Amy Allocco is awarded a Collaborative International Research Grant

Amy Allocco has received a Collaborative International Research Grant from the American Academy of Religion to support joint fieldwork in India, a symposium, and a special journal issue with a colleague from the University of Helsinki.

Amy Allocco, associate professor of religious studies and director of the Multifaith Scholars Program, has been awarded a Collaborative International Research Grant (CIRG) from the American Academy of Religion (AAR). She applied for this grant along with Xenia Zeiler, associate professor of South Asian studies at the University of Helsinki, Finland, to support a joint project titled “Sweetening and Intensification: Processes and Currents Shaping Hindu Practices in Contemporary South Asia and its Diasporas.”

Amy Allocco, associate professor of religious studies and director of the Multifaith Scholars Program

Their research project analyzes two converging and diverging currents associated with Hindu deities, beliefs and ritual practices in contemporary South Asian communities, namely “sweetening” and “intensification.” It examines the move to, on the one hand, standardize ritual practices, mellow divine personalities and mainstream theologies alongside efforts to, on the other, insist on the continuing relevance of more rigorous (frequently marginalized) religious practices and beliefs.

While we have historically seen and continue to witness movements to soften or mute the fiercer aspects of some Hindu gods’/goddesses’ representations, iconography and ritual practices, we also see contemporary assertions of these representations and practices as intrinsic and an insistence on continuing them. This project takes an inclusive approach as it brings these two threads – sweetening and intensification – into sustained conversation with the aim of enriching our collective scholarly understanding of the diverse ways that Hindu beliefs and practices are negotiated and contested in contemporary contexts.

The $5,000 grant will support short-term, joint fieldwork in South India this summer focused specifically on the relationship of these alternately competing and coexisting streams.

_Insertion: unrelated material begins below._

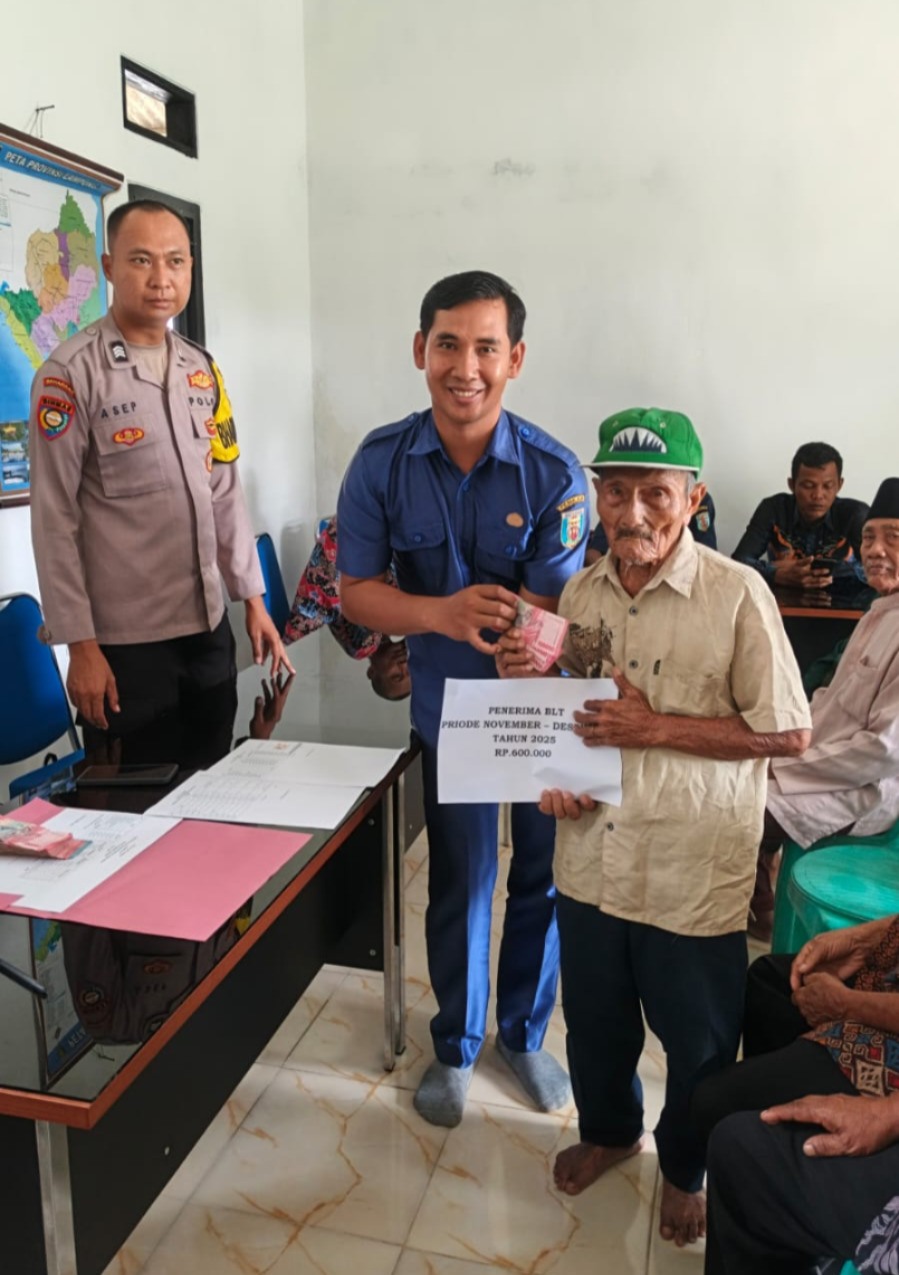 Bhabinkamtibmas Polsek Negeri Besar Polres Way Kanan, Brigadir Polisi Asep Syahrudin, mengawal penyaluran dana BLT DD (Bantuan Langsung Tunai Bersumber Dana Desa) di Aula Balai Kampung Kaliawi Indah Kecamatan Negeri Besar Kabupaten Way Kanan. Rabu (12/11/2025).

It will also support Zeiler’s and Allocco’s participation at The 49th Annual Conference on South Asia in Madison, Wisconsin, in October 2020, where the two will present some of their findings in the context of a full-day symposium they are convening on this theme. The planned symposium will feature presentations on sweetening and intensification from a dozen scholars representing diverse methodologies, content expertise, and career stages. Allocco and Zeiler anticipate publishing select papers from the symposium in a special co-edited journal issue.

Associate Professor Xenia Zeiler of the University of Helsinki

Zeiler’s research is situated at the intersection of digital media, religion and culture in India and the worldwide Indian community. Her research foci are digital Hinduism, global Hinduism, and Tantric traditions. She is author of a monograph on current transformations of Tantric traditions in India and on numerous articles and book chapters on mediatized and digital Hinduism, on Indian video games and cultural heritage, and on popular and festival culture in India and beyond. Her textual and field research on lesser-known Hindu Goddesses of North India complements Allocco’s work on South India’s Goddess traditions.

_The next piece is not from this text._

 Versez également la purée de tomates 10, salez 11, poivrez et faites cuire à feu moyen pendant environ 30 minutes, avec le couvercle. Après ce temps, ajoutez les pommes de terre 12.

Zeiler presented a lecture titled “Contextualizing Tantric Traditions in Contemporary India: The Goddess Dhūmāvatī” at Elon in 2018, which is when the plans for their collaborative project took root. Zeiler then applied for a grant from the University of Helsinki’s Faculty of Arts to bring Allocco to Finland in 2019 as a short-term visiting researcher to further their research collaboration. While there, Allocco presented an invited lecture, “Ritual Relationships with the Dead in South Indian Hinduism.” It was during this visit that the pair drafted their collaborative grant proposal, which they submitted to the AAR in October 2019.

The AAR’s CIRG initiative is intended to support generative research collaborations between and among scholars located in different geographical regions who wish to pursue focused, joint projects in any area of the study of religion. The pair will be honored at the AAR Annual Meeting in Boston in November 2020 for receiving the CIRG award.